§ **THE PROBLEM**: Exactly as written, write out the lines below from the first to the one containing "Undeterred by the", inclusive. Pictures do not belong in the copy.

MATERIAL FOR THIS TASK section start

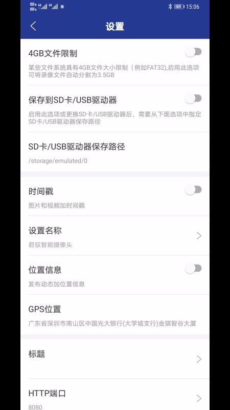 1、丰富的设置功能列表,拥有时间戳、位置信息、标题以及文件限制等功能;
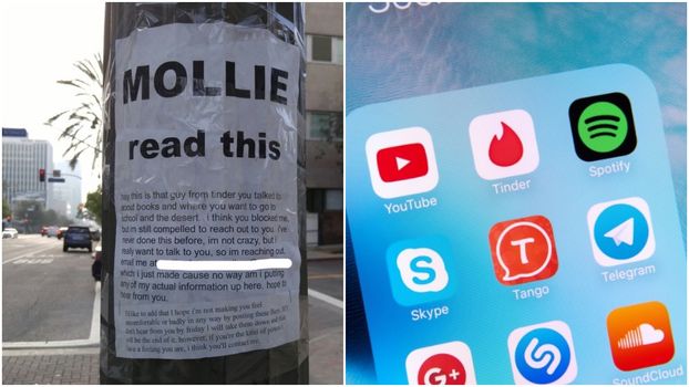 Undeterred by the obvious rejection, he has taken to the streets of LA to erect public notices asking Mollie to reinstate contact.
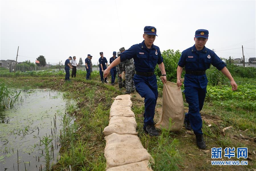 7月7日,吳興區(qū)消防救援大隊隊員在織里鎮(zhèn)曹家籪村幫助村民加固防洪堤。近日,位于浙江北部的湖州市遭遇多輪降雨,東部平原河網(wǎng)普遍超警戒水位,水庫山塘高位運(yùn)行。7月5日12時30分,湖州市人民政府防汛防旱指揮部將防汛應(yīng)急響應(yīng)提升至Ⅲ級,要求各地密切監(jiān)測汛情,切實做好各項防范工作,確保安全度汛。新華社記者黃宗治攝
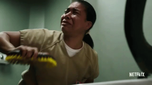Maria Ruiz (Jessica Pimentel) in Orange Is The New Black, crying and stressed in her uniform.
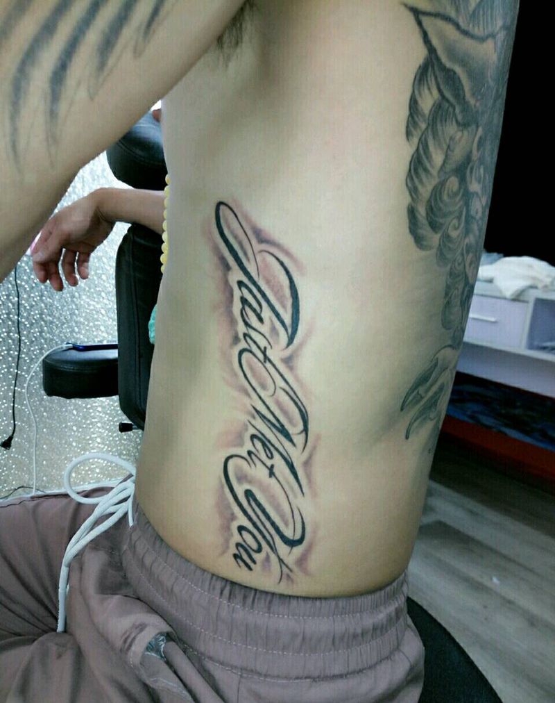 当前位置: 首页 >山西省大同市纹身店-精雕纹刺纹身图案>花体英文纹身图片_腰部清新字符成品纹身图案
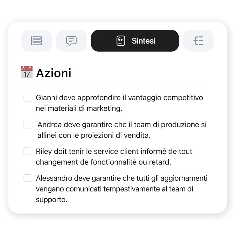Estrai automaticamente gli spunti utilizzabili da riunioni e conversazioni. Risparmia tempo nei follow-up garantendo che tutte le attività siano monitorate.
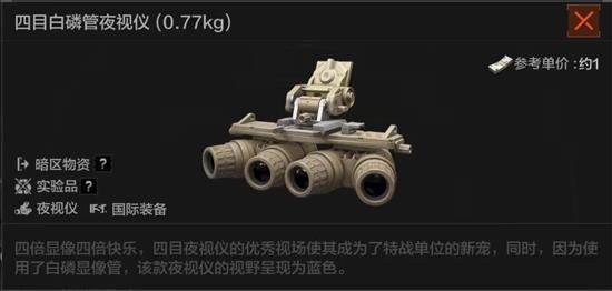 四倍夜视仪以其优秀的视场和清晰的视野,迅速成为特战单位的新宠。这款夜视仪采用了先进的白磷显像管技术,视野呈现独特的蓝色,为先锋们在夜间作战提供了极佳的视觉体验。四倍的放大倍率让先锋们能够清晰地观察到远处的敌人和环境细节,无论是潜伏在暗处的敌人还是远处的资源点,都能尽收眼底。在夜间行动中,四倍夜视仪将成为你发现敌人的关键道具。
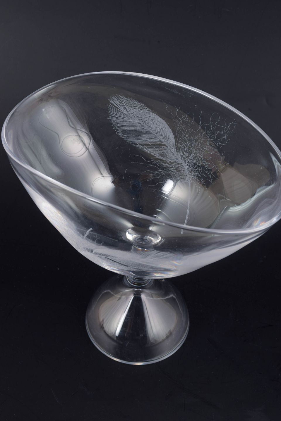 Elegant skål på fod med indlagte fjerlignende dekorationsstrøg i glasset. Motivet er et klassisk dekorativt element anvendt af Kosta. Den asymmetriske form og den høje, dobbeltformede fod giver skålen et moderne og skulpturelt udtryk.
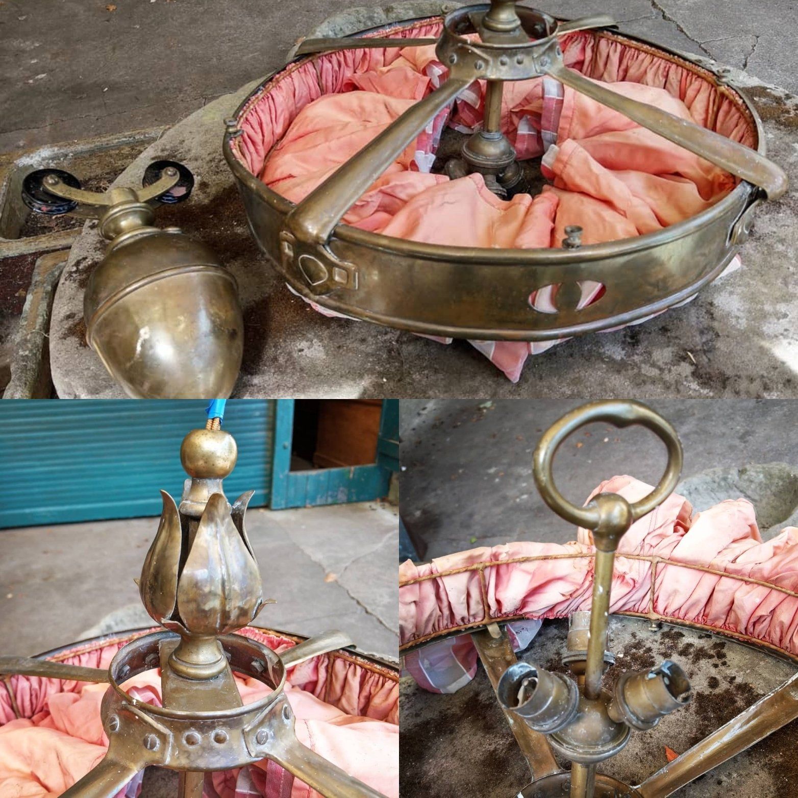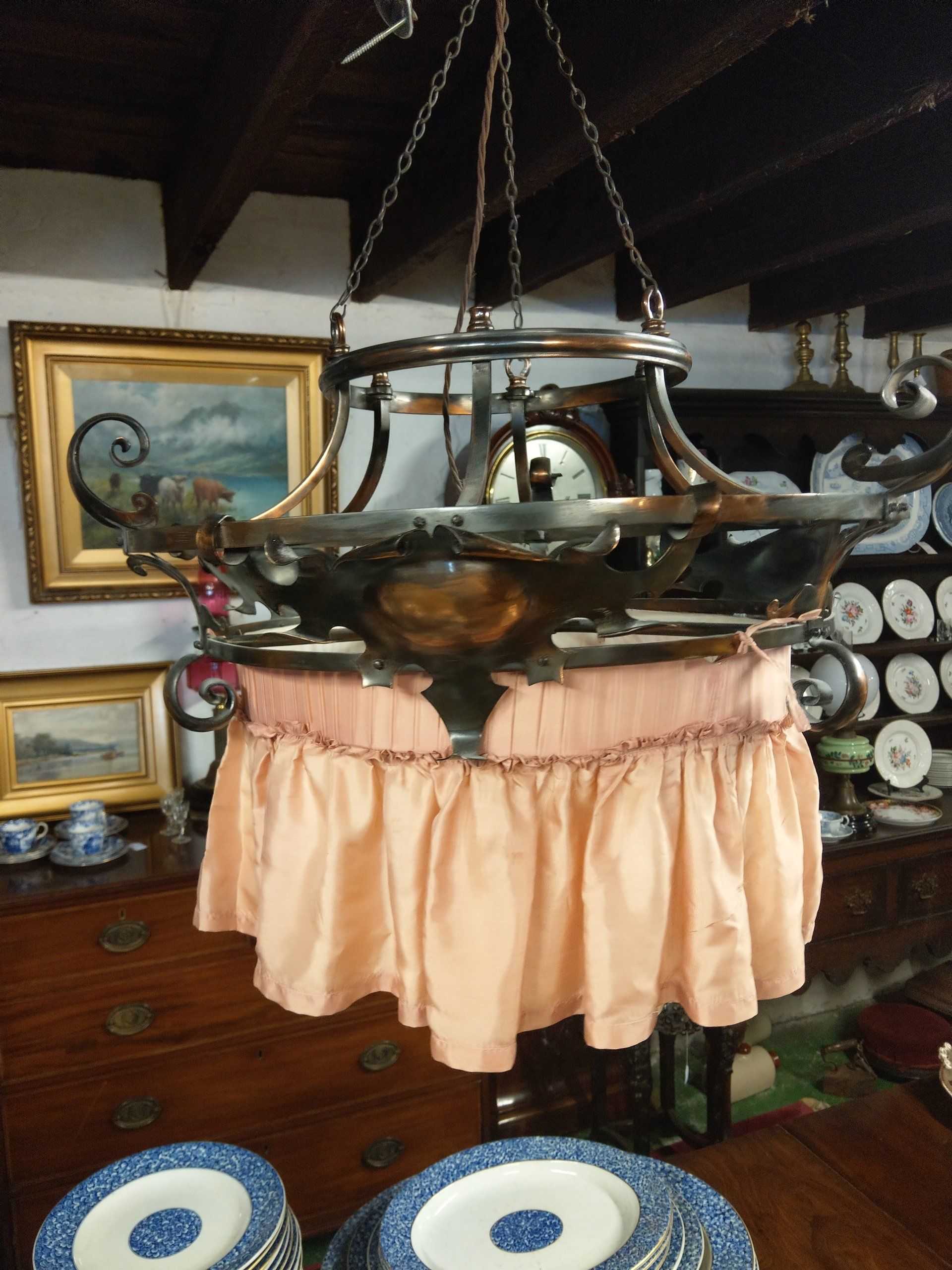 Brass early 20thC arts and crafts ceiling light. It has a weighted fitting for rise and fall if required and an easily removed material skirting.
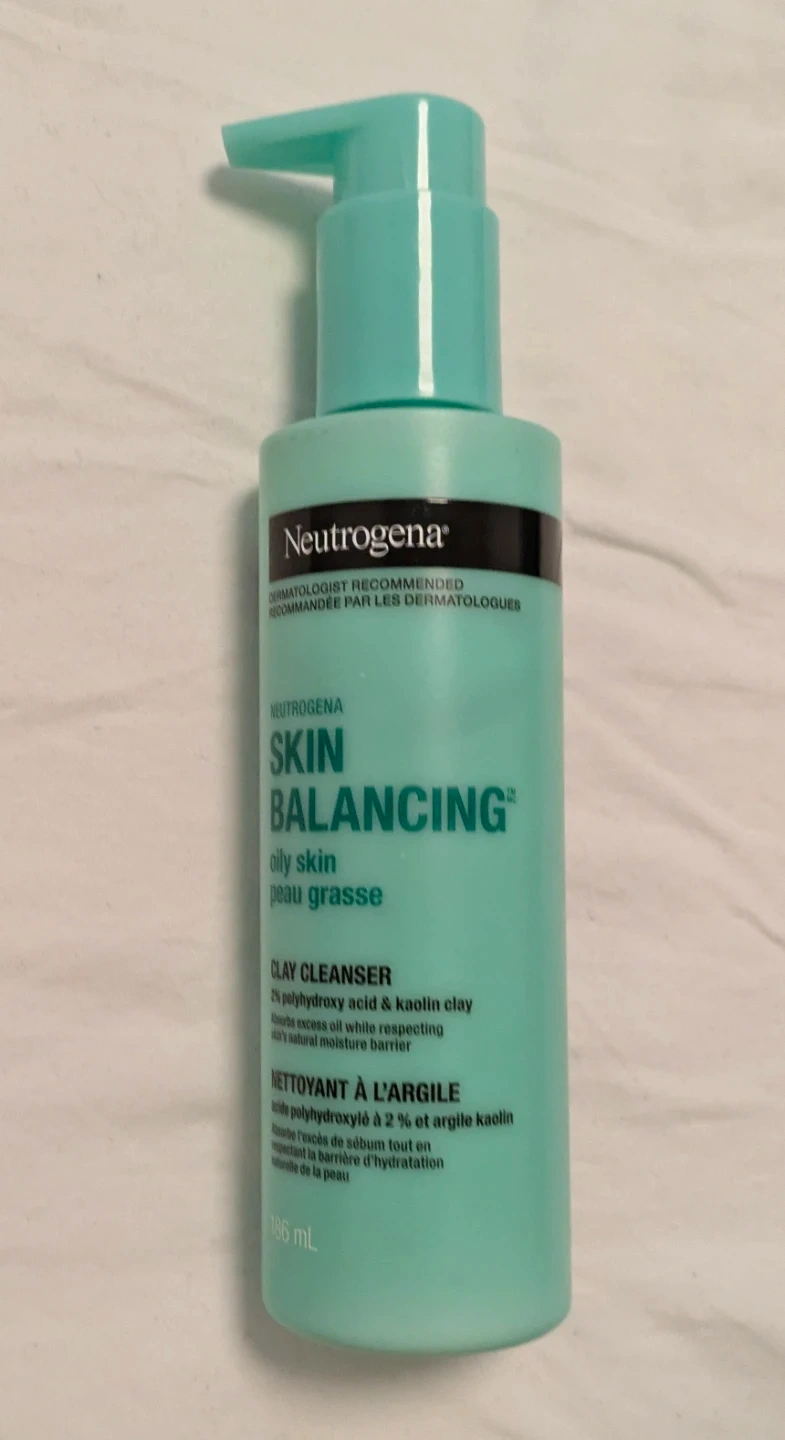 This Neutrogena Skin Balancing Clay Cleanser is formulated for oily skin. It contains 2% polyhydroxy acid & kaolin clay to absorb excess oil. It comes in a 186 mL bottle.
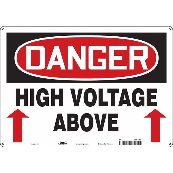 Safety Sign, Horizontal Rectangle, Number of Printed Sides 1, English, Sign Format Traditional OSHA, Sign Legend High Voltage Above, Sign Legend Background Color White, Sign Legend Style Symbol and Text
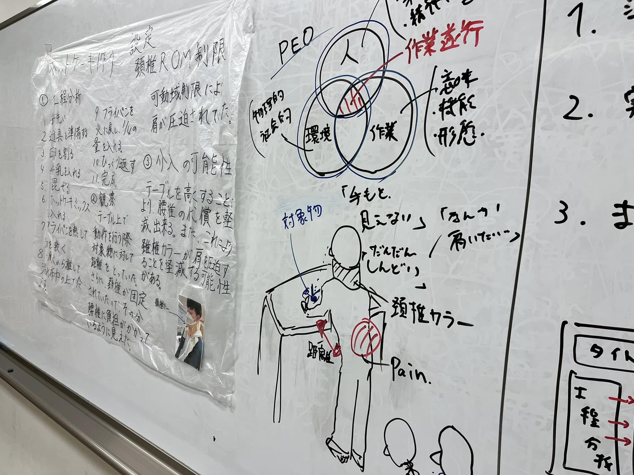 スマホを使って動画を撮影し、解剖学や運動学、あるいは作業科学などの知識を引っ張り出しながら、頑張って分析を行っている様子がみられました。
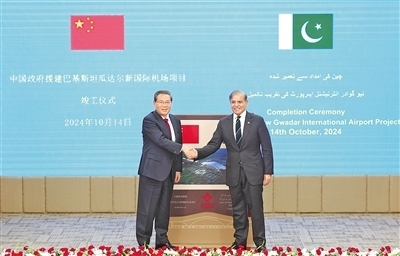 本報(bào)伊斯蘭堡10月14日電 (記者陳尚文、程是頡)當(dāng)?shù)貢r(shí)間10月14日,國(guó)務(wù)院總理李強(qiáng)在巴基斯坦總理府同巴基斯坦總理夏巴茲共同出席瓜達(dá)爾新國(guó)際機(jī)場(chǎng)項(xiàng)目竣工儀式。

MATERIAL FOR THIS TASK section end

§ **RESULT**:
 1、丰富的设置功能列表,拥有时间戳、位置信息、标题以及文件限制等功能;
 Undeterred by the obvious rejection, he has taken to the streets of LA to erect public notices asking Mollie to reinstate contact.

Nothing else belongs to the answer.